> _Exercise_
Write out the data word for word, taking care that no picture is carried over.

=== Data ===

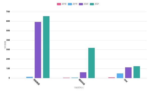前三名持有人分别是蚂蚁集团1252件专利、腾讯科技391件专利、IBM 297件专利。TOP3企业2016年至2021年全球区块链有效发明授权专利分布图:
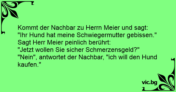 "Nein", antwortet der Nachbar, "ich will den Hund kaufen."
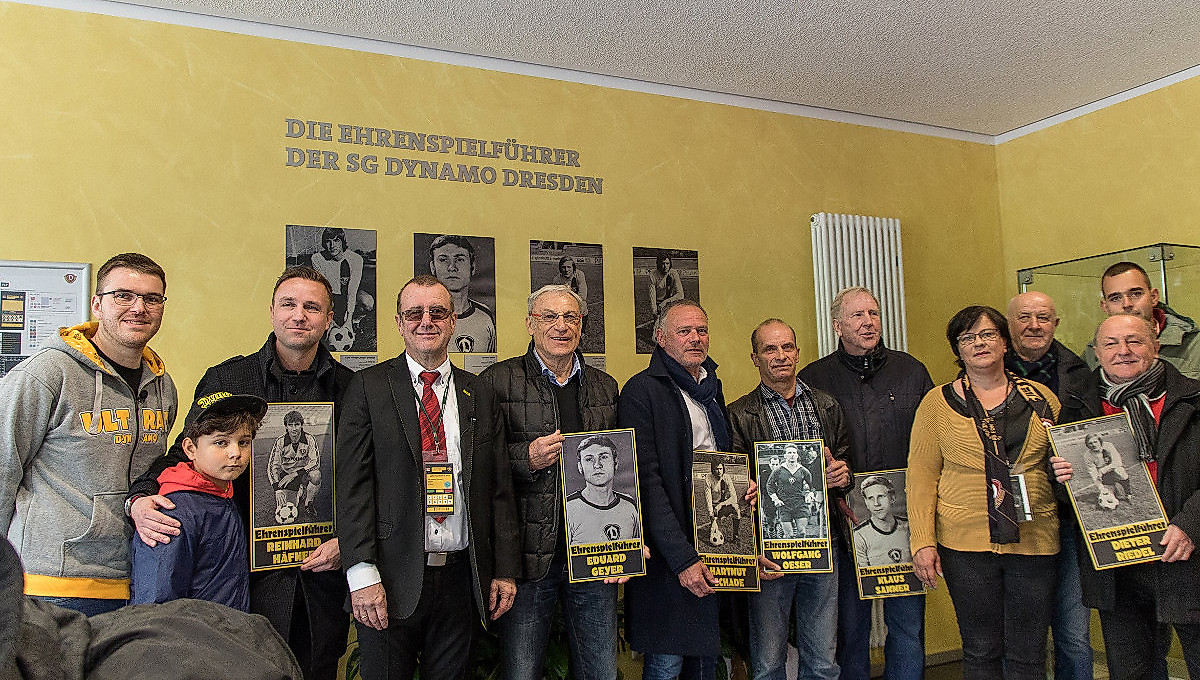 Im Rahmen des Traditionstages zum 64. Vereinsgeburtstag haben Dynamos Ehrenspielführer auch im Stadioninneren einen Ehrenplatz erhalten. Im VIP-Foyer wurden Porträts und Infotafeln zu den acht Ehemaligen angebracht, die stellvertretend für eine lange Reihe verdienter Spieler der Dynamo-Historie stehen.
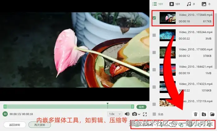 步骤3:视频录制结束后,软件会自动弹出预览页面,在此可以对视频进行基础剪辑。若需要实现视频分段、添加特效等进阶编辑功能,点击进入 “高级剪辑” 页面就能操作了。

===

> _Exercise result_
前三名持有人分别是蚂蚁集团1252件专利、腾讯科技391件专利、IBM 297件专利。TOP3企业2016年至2021年全球区块链有效发明授权专利分布图:
 "Nein", antwortet der Nachbar, "ich will den Hund kaufen."
 Im Rahmen des Traditionstages zum 64. Vereinsgeburtstag haben Dynamos Ehrenspielführer auch im Stadioninneren einen Ehrenplatz erhalten. Im VIP-Foyer wurden Porträts und Infotafeln zu den acht Ehemaligen angebracht, die stellvertretend für eine lange Reihe verdienter Spieler der Dynamo-Historie stehen.
 步骤3:视频录制结束后,软件会自动弹出预览页面,在此可以对视频进行基础剪辑。若需要实现视频分段、添加特效等进阶编辑功能,点击进入 “高级剪辑” 页面就能操作了。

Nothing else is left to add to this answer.